As for the guys wishing for new Night Vision and it related paraphernalia have you used the new AN/PVS-14?   The AN/PVS-14 (the monocular) is an excellent piece of kit and in combination with a AN/PAQ-4 or AN/PAQ-2, makes night operations allot easier.

Check them out here
http://www.nightoperations.com/CDN-equipment.htm

I like your list Danjanou...


----------



## Pugnacious (5 Aug 2004)

Hmmm pretty sad that the average Westcoast mountain biker who btw most certanly has a camel back water system, and gortex rain gear (Also GPS etc) is better equipped for the elements then one of our Soldiers.   At one time Army stuff led the way for outdoor gear.

So the question is if you buy the stuff yourself can you use it while on duty?

Cheers!
P.


----------



## Michael Dorosh (5 Aug 2004)

MJP - a real answer, thank you.

Can you use a camelbak while wearing the NBC suit, out of curiousity?


----------



## MJP (5 Aug 2004)

Yea they have one for a chemical environment, don't know how good it is in comparison to a canteen for protection but my bet is offers the same protection.   In either case I wouldn't want to be the first one to drink     

http://www.camelbak.com/mil/cb_prod.cfm?catid=6&product_id=65


----------



## Armymedic (6 Aug 2004)

Ref Micheal's post,

Yes, and its better then the 1 qt canteen, because it doesn't "suck in" air after drinking due to decreased pressure in the canteen (physics thingy I am sure you know). This is one area where Camelbacks are miles ahead of our canteens. The 2 Qt canteen is the best option between the two when fitted with the drinking straw which of course can come fitted with an Camel back style NBC nozzle.

This is one of these great theory topics which can help keep you alert during those long night shifts.

In reality, what we "need" (not "want") is the things that make us more effective, sometimes the new or improved may not be the best.  

One case and point may be the Rucksack we have.
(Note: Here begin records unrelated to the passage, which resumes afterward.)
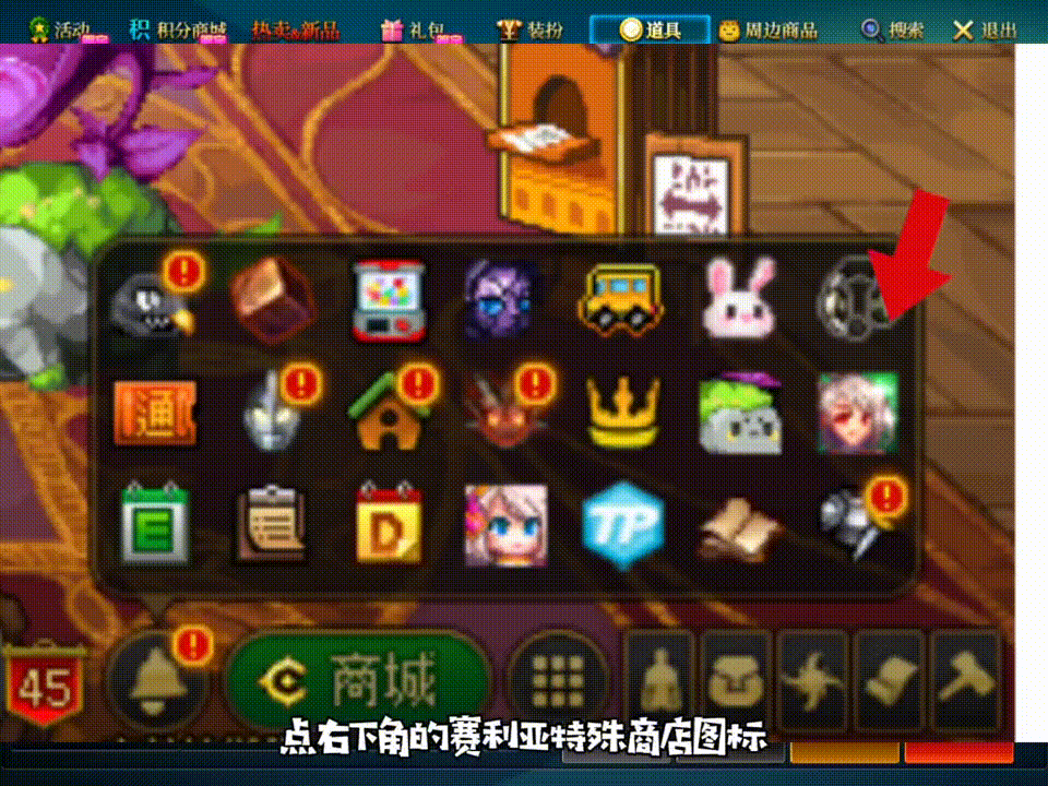 ·在商城的道具特殊扩展,这里面三十块钱一个,点右下角的赛利亚特殊商店图标,一金币买无限次数史诗之路门票一套,换装一套,史诗一套护石符文。这几样道具就算打开以后也是账号绑定,不用必须给一个小号,可以给多个有需求的小号分发。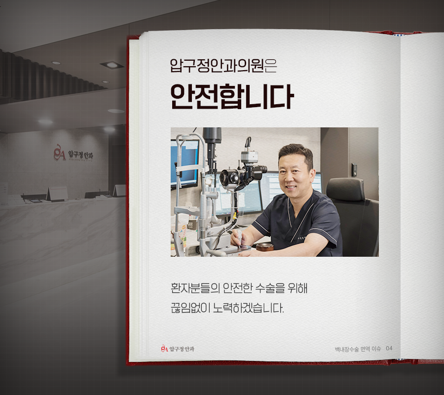 최근 논란으로 인해 백내장 수술의 안전성에 대해 걱정이 많으실텐데요. 저희 압구정안과의원에서 안전한 수술을 위해 끊임없이 노력하고 있으니, 안심하고 백내장 수술 받으시길 바랍니다!
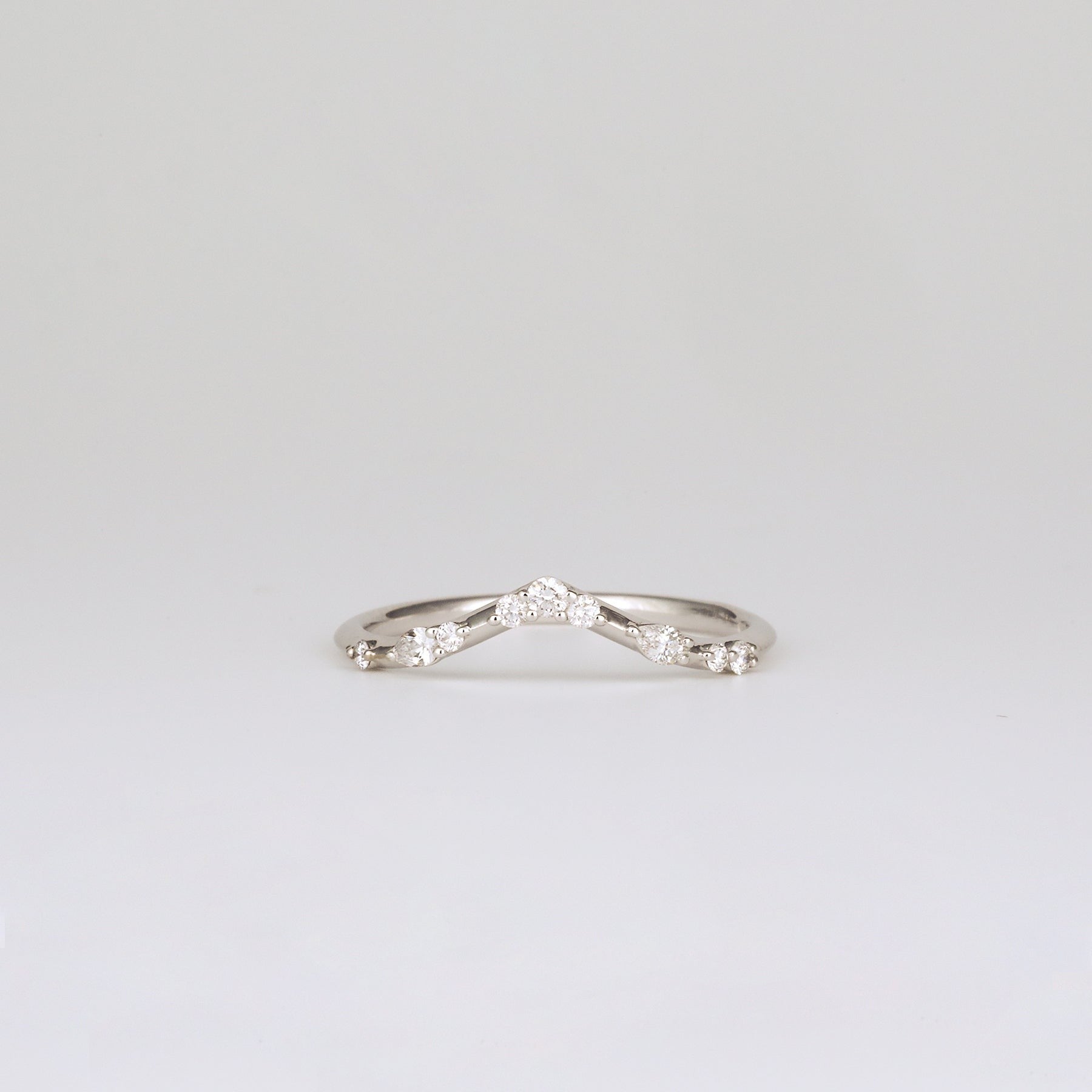 ✦ The Band Displayed in the Image Highlights a 0.12 TCW Round & Pear CVD Diamond Curved Scattered Wedding Band.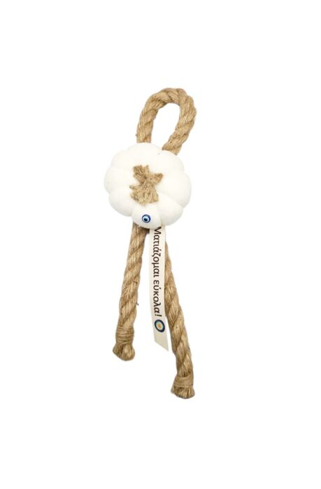 Το λευκό διακοσμητικό υφασμάτινο σκόρδο, το μάτι για την προστασία απο την βασκανία και το φυσικό σχοινί,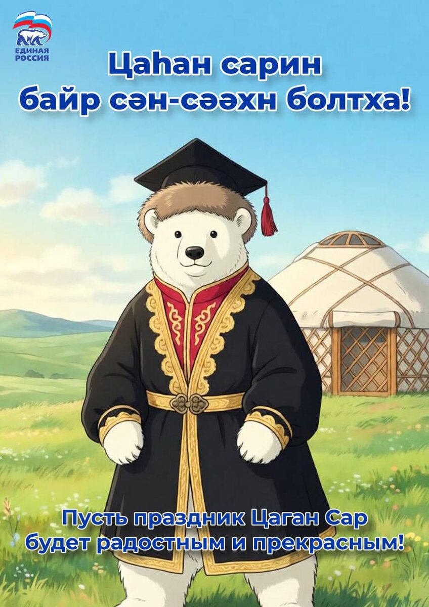 ! С радостью поздравляем Вас с праздником Цаһан Сар – Белого месяца! Этот светлый и радостный день символизирует обновление, весну и надежду на лучшее.🤲 Пусть в ваших домах царит тепло и уют, а сердца наполняются счастьем и любовью. Желаем здоровья, благополучия и исполнения всех заветных желаний. Пусть каждый новый день приносит радость и вдохновение, а впереди ждут только светлые перспективы! С праздником Цаһан Сар! Пусть он станет началом чего-то замечательного в вашей жизни!🙌 #ЕдинаяРоссия #ЦаганСар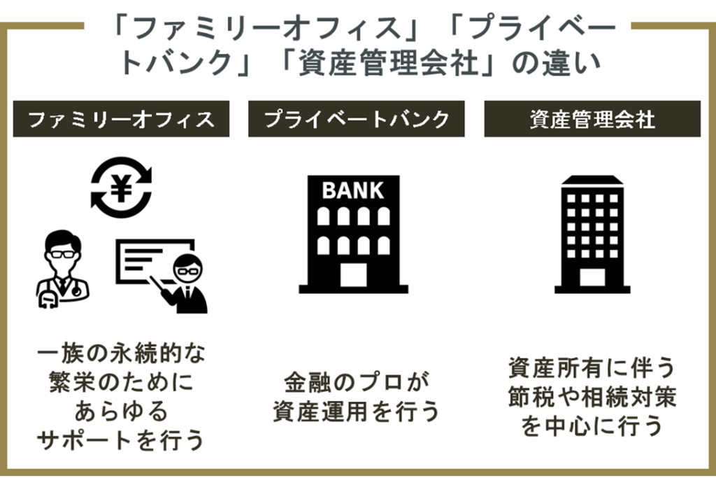 似たような役割のものとして、「プライベートバンク」や「資産管理会社」がありますが、これらとファミリーオフィスは役割が異なります。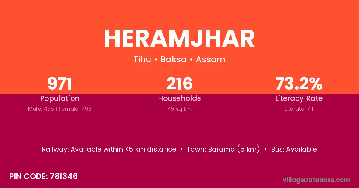Barama (5 km) is the nearest town to Heramjhar village for major economic activities and is located approximately 5 km away.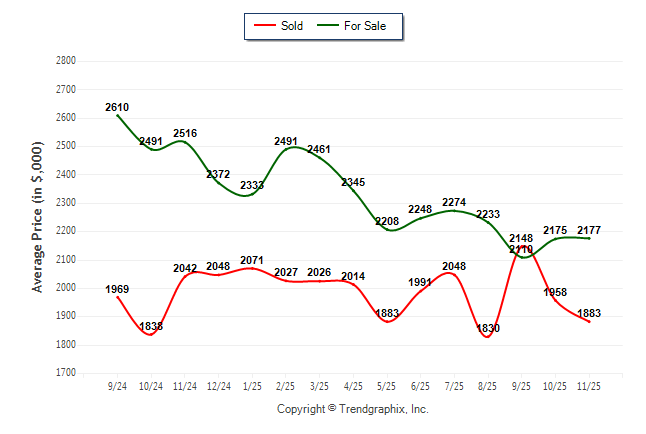 November 2025 Average For Sale Price was Neutral and Average Sold Price was Neutral**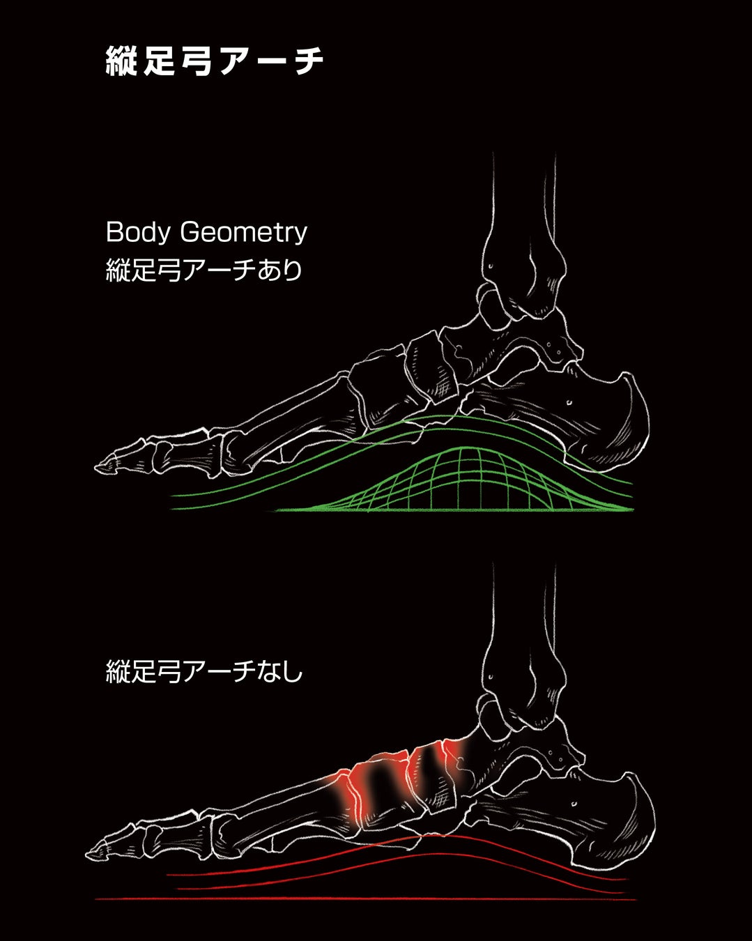 ペダルを漕ぐときは、足を硬いテコのように使い、力を直接、効率的にペダルに伝えたいもの。そのためにも土踏まずが潰れないよう、インソールに縦足弓のアーチサポートを組み込みました。Body Geometryシューズが登場する前のサイクリングシューズは、硬さこそあれインソールが平らで、シューズの中で土踏まずが潰れがちでした。私たちのカスタムフットベッドを使えば、土踏まずをより確実に支えられ、ライドを快適に楽しめるようになります。

The 64 pattern (jump ruck) is a effective  and durable tool which many of us prefer over the civilian packs because of the amount you can carry. It was replaced by 82 pattern. some ways better cause you can get into it easier, but can't carry more as comfortably. 
Maybe, instead of a new style rucksack, they should have gotten better shoulder straps and padding for the back to make it more comfortable....Small thing makes it better, not a whole new system.

just my 2 bits...


----------



## Pugnacious (6 Aug 2004)

iPods!  ;D

Cheers!
P.


----------



## Armymedic (6 Aug 2004)

Actually, hand held computer like a palm pilot with a GPS capability would be good too. Info such as FSOPs and current map data would be benifical.


----------



## combat_medic (9 Aug 2004)

But if it was made by the CF it would be a 40-pound green screen Apple 486 that would run out of juice every 2 hours, and wouldn't work in wet weather.


----------



## Infanteer (9 Aug 2004)

> But if it was made by the CF it would be a 40-pound green screen Apple 486 that would run out of juice every 2 hours, and wouldn't work in wet weather.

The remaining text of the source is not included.